Note that during buffer pool flushing, both the uncompressed and compressed page must exist in the buffer pool. This is because flushing is protected by buf_block_t::lock. At other times, the page might exist in compressed format only. If it contains changes that must be written to the *.ibd file, then the buf_page_t::state will be BUF_BLOCK_ZIP_DIRTY.

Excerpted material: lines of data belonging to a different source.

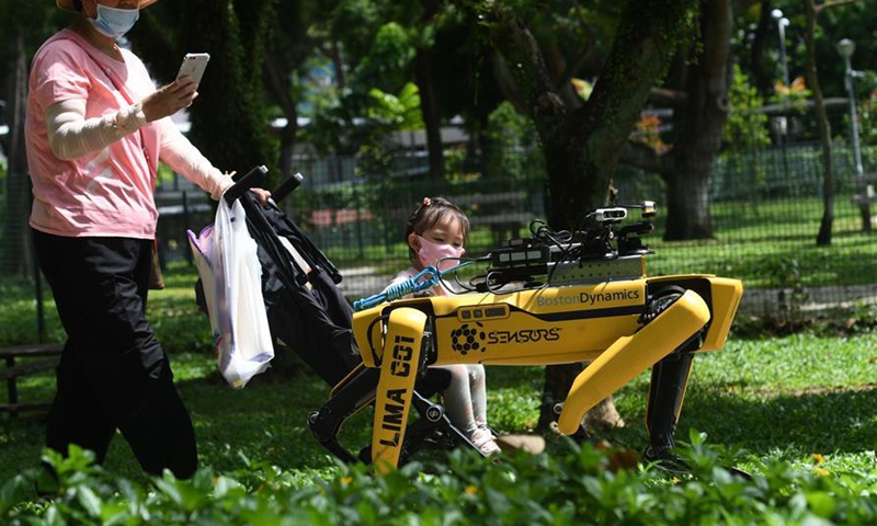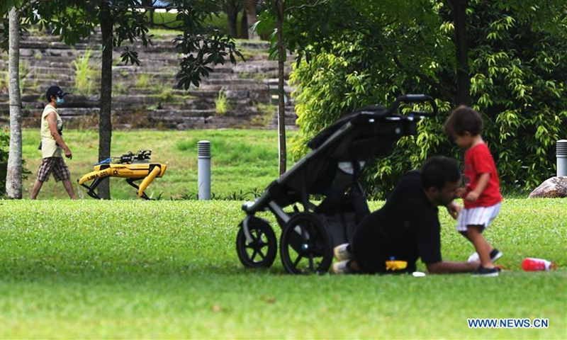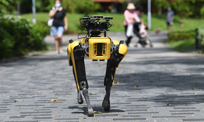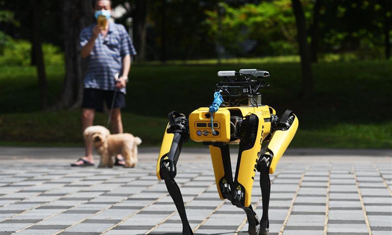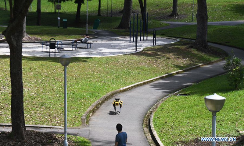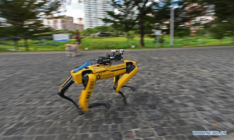 Robot dog SPOT which can detect whether visitors wear masks or not is seen during its second round trials in Singapore's Bishan Park, as part of measures against the spread of COVID-19, on Sept. 22, 2020. Besides maintaining safe social distancing, SPOT has increased capabilities like mask detection and 3D mapping without lidar during the second round trials. (Photo by Then Chih Wey/Xinhua)
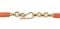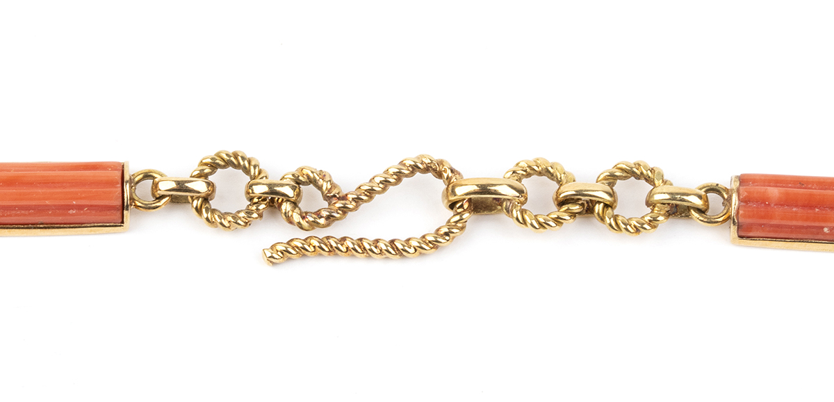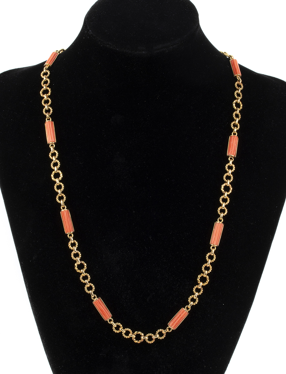 oro giallo ed 18k, catena in maglie ad anelli ritorti interrotta da elementi in corallo cerasuollo incisi (corallium elatius). Punzonato "750".
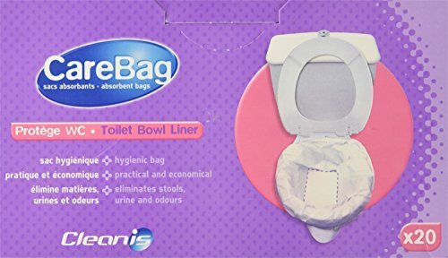 -. Title : Carebag Toilet Bowl Liner with Super Absorbent Pad (Box of 20 liners) by Cleanis
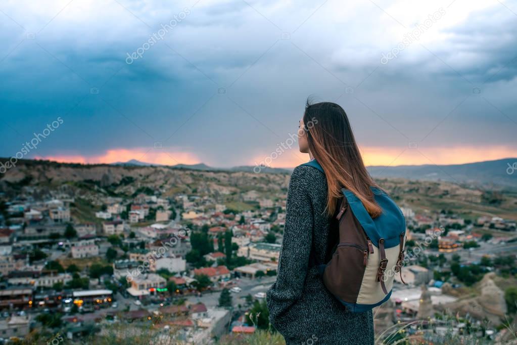 Young woman tourist from a high point looking at the sunset over the city of Goreme in Turkey and dreaming. Tourism, vacation.
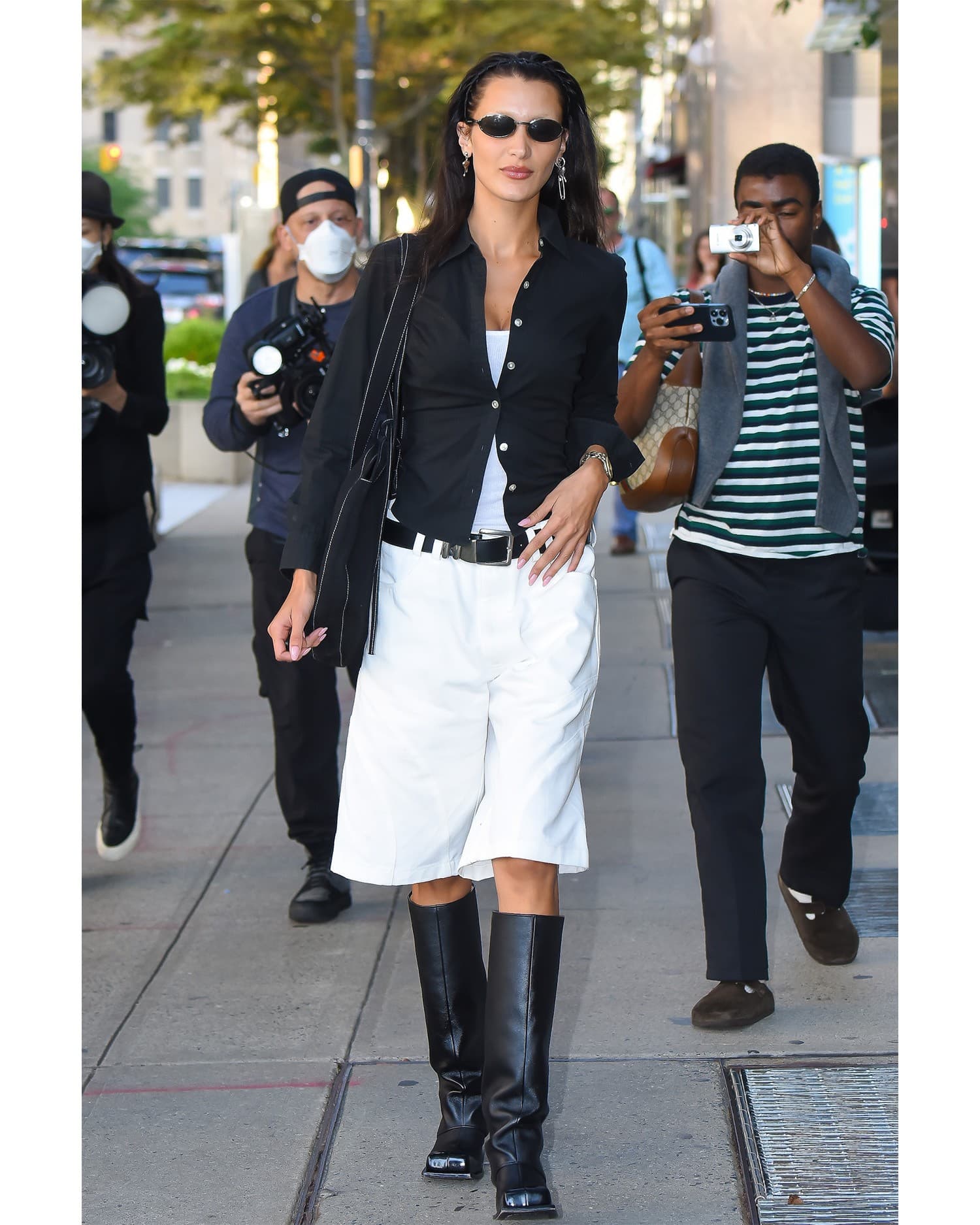 Bella Hadid is a master of demonstrating that traditionally unflattering clothes can actually be quite flattering. While 95% of this is due to her being Bella Hadid, I think this particular outfit is universal. A good black and white pairing is eternally chic, and boots, sunglasses, and the right bra gives the look a tasteful edginess.
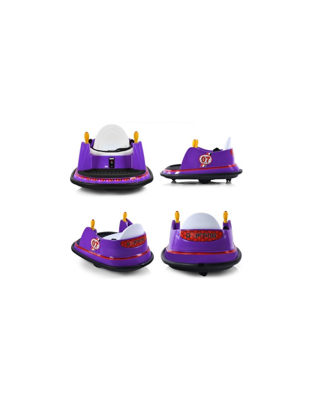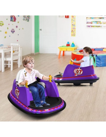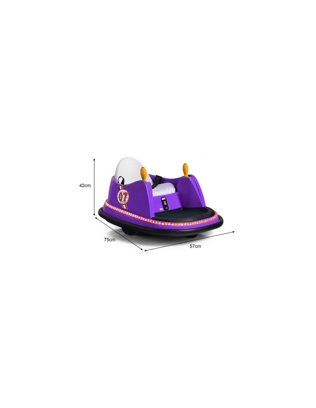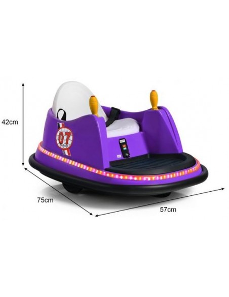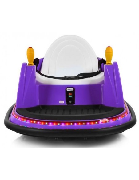 Radiobil elbil til 1 barn, udført i et design af lilla kunststof og med støddæmper. Elbilen måler 75 cm i længden og 57 cm i bredden og har plads til et barn i alderen 2 - 5 år. Bilen kommer med forældre fjernbetjening og kører på 6V batteri med en ladetid på cirka 8 - 12 timer for fuld opladning. Bilens hastighed er 2 km/t og kan holde batteritid i op til 45 min. Bilen kan dreje 360°.
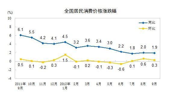 2012年9月份,全國居民消費價格總水平同比上漲1.9%。其中,城市上漲2.0%,農村上漲1.7%;食品價格上漲2.5%,非食品價格上漲1.7%;消費品價格上漲1.8%,服務項目價格上漲2.3%。1-9月平均,全國居民消費價格總水平比去年同期上漲2.8%。

Marko Mäkelä added a comment - 2017-10-06 09:41 If the mismatch is caused by encryption updating only one of block->frame or block->page.zip.data for the buf_block_t* block of a ROW_FORMAT=COMPRESSED table, then the root cause should be fixed by updating both copies at the same time. Note that during buffer pool flushing, both the uncompressed and compressed page must exist in the buffer pool. This is because flushing is protected by buf_block_t::lock. At other times, the page might exist in compressed format only. If it contains changes that must be written to the *.ibd file, then the buf_page_t::state will be BUF_BLOCK_ZIP_DIRTY.

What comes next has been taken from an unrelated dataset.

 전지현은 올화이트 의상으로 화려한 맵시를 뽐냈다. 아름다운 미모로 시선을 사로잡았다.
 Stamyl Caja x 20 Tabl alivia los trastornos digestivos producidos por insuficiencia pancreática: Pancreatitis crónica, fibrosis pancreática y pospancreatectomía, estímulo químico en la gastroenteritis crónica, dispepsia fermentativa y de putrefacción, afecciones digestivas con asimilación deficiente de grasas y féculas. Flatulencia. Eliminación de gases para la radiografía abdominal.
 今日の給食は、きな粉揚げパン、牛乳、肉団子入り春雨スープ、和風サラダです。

Marko Mäkelä added a comment - 2017-10-06 14:48

I found the problem by running the test on perro. On two subsequent runs, the problem occurred on page 4:10, giving some hope of determinism.
So, I decided to run it inside --manual-gdb. Until the shutdown, there was no problem.
Before the restart, I set a breakpoint:

break buf_page_get_gen

cond 1 space==4&&offset==10

run

finish

disable

display/x $1->page[24]@14

display/x $1->page.zip.data[24]@14

At this point, I noticed that both the uncompressed frame and the compressed page contain non-zero bytes. The mismatch that I had observed in the core dumps was that the block->page.zip.data contained zeroes while block->frame contained nonzero bytes.

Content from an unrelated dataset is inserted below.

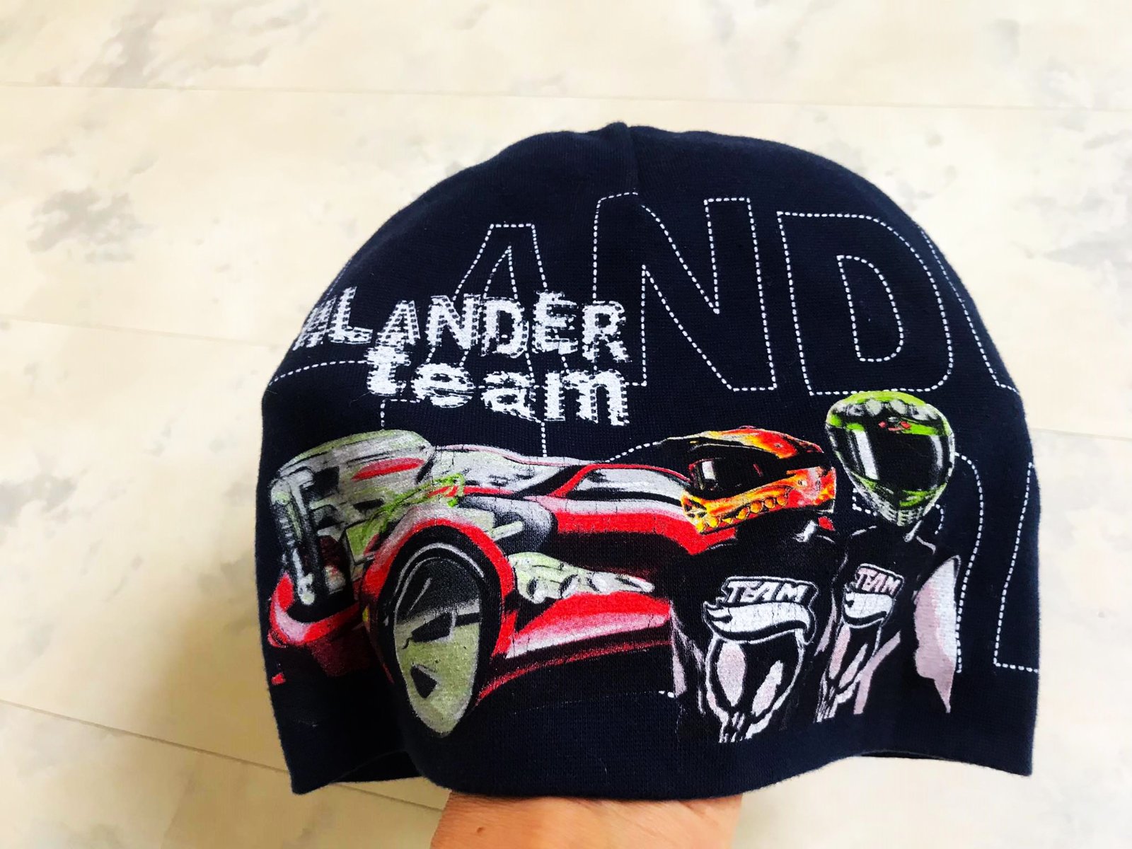veľmi kvalitná čiapka - je iba prepraná po sladovaní,duplovaná,z tenšej tričkoviny- ale pevná,top stav,výška v strede = 19 cm, spodok obvod = 24,5 x 2 cm, ale poddá sa,je to pružná bavlna,95% ba,5% elastan
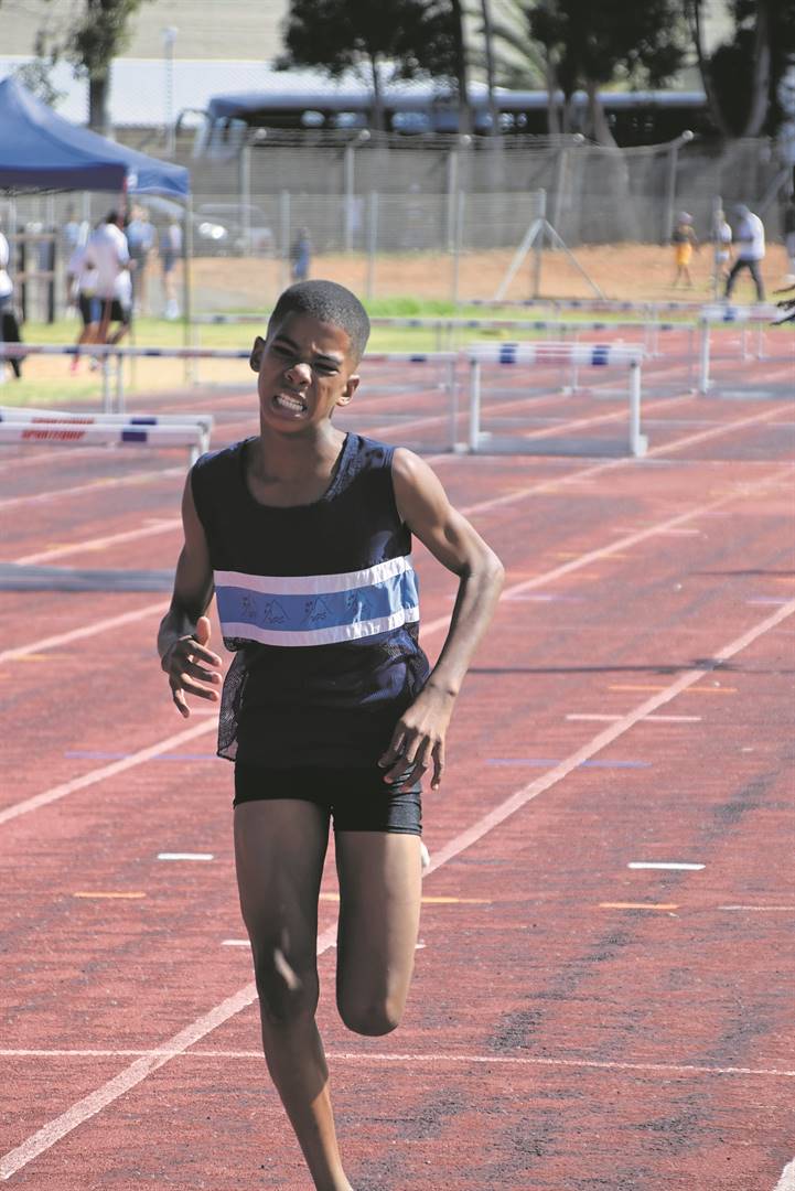 Caleb Phillipus (gr. 6) van Worcester Primêre Skool het die afgelope naweek aan die Noord-Boland-atletiekbyeenkoms in Worcester deelgeneem. Phillipus het ’n eerste plek in die seuns o.12-1 200 m losgehardloop, asook die verspring vir seuns o.12 gewen. Hy was die naaswenner in die 100 m-item vir seuns o.12. Op die foto hardloop hy in die 1 200 m-item.Foto: Jana Scheepers

So, I started to suspect that the problem is that block->page.zip.data is zeroed out, and not that block->frame is being written with nonzero bytes without updating block->page.zip.data accordingly.

I set a watchpoint:

p (unsigned*)&$1->page.zip.data[28]

watch *$2

continue

This watchpoint was triggered in a page flush:

#1  0x000055555616dda7 in buf_flush_update_zip_checksum (

    page=0x7fffed4f8000 "\f%", zip_size=8192, lsn=2195866)

    at /home/mariadb/git/10.1-mdev13512/storage/xtradb/buf/buf0flu.cc:760

#2  0x000055555616df0c in buf_flush_init_for_writing (

    page=0x7fffed4f4000 "\f%", page_zip_=0x7fffecfbfaf8, newest_lsn=2195866)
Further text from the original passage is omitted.